Provided material:

....

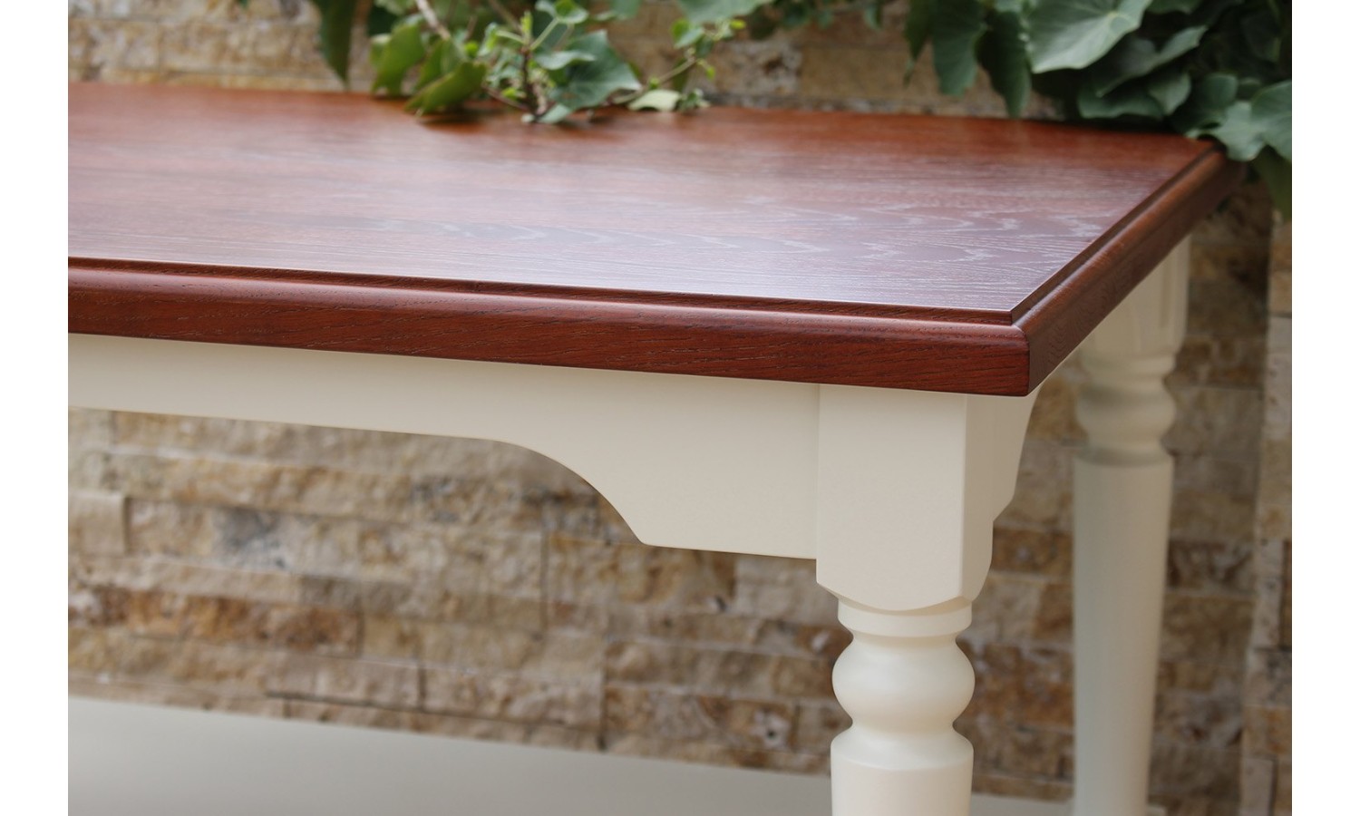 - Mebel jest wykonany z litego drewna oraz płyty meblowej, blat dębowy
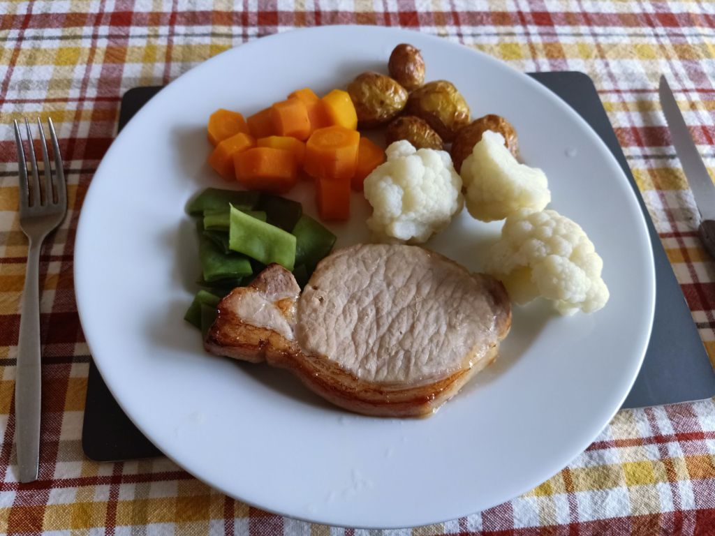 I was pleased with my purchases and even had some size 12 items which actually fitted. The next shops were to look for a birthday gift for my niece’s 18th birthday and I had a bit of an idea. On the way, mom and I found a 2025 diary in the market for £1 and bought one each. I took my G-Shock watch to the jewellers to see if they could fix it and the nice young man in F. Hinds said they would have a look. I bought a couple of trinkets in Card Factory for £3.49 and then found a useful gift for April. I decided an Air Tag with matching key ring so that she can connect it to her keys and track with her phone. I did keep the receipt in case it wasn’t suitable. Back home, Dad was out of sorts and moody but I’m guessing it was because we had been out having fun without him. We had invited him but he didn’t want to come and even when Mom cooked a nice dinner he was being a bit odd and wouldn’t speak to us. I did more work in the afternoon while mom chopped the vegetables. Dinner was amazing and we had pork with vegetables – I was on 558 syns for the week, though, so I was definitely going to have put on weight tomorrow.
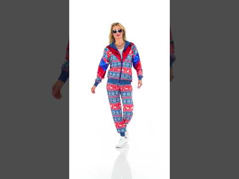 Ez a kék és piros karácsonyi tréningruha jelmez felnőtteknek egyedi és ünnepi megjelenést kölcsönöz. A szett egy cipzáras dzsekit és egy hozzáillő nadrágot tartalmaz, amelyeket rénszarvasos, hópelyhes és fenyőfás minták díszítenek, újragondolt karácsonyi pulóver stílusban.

....

Required action: Restate the listing above word for word and skip each picture.

The completed task:
 - Mebel jest wykonany z litego drewna oraz płyty meblowej, blat dębowy
 I was pleased with my purchases and even had some size 12 items which actually fitted. The next shops were to look for a birthday gift for my niece’s 18th birthday and I had a bit of an idea. On the way, mom and I found a 2025 diary in the market for £1 and bought one each. I took my G-Shock watch to the jewellers to see if they could fix it and the nice young man in F. Hinds said they would have a look. I bought a couple of trinkets in Card Factory for £3.49 and then found a useful gift for April. I decided an Air Tag with matching key ring so that she can connect it to her keys and track with her phone. I did keep the receipt in case it wasn’t suitable. Back home, Dad was out of sorts and moody but I’m guessing it was because we had been out having fun without him. We had invited him but he didn’t want to come and even when Mom cooked a nice dinner he was being a bit odd and wouldn’t speak to us. I did more work in the afternoon while mom chopped the vegetables. Dinner was amazing and we had pork with vegetables – I was on 558 syns for the week, though, so I was definitely going to have put on weight tomorrow.
 Ez a kék és piros karácsonyi tréningruha jelmez felnőtteknek egyedi és ünnepi megjelenést kölcsönöz. A szett egy cipzáras dzsekit és egy hozzáillő nadrágot tartalmaz, amelyeket rénszarvasos, hópelyhes és fenyőfás minták díszítenek, újragondolt karácsonyi pulóver stílusban.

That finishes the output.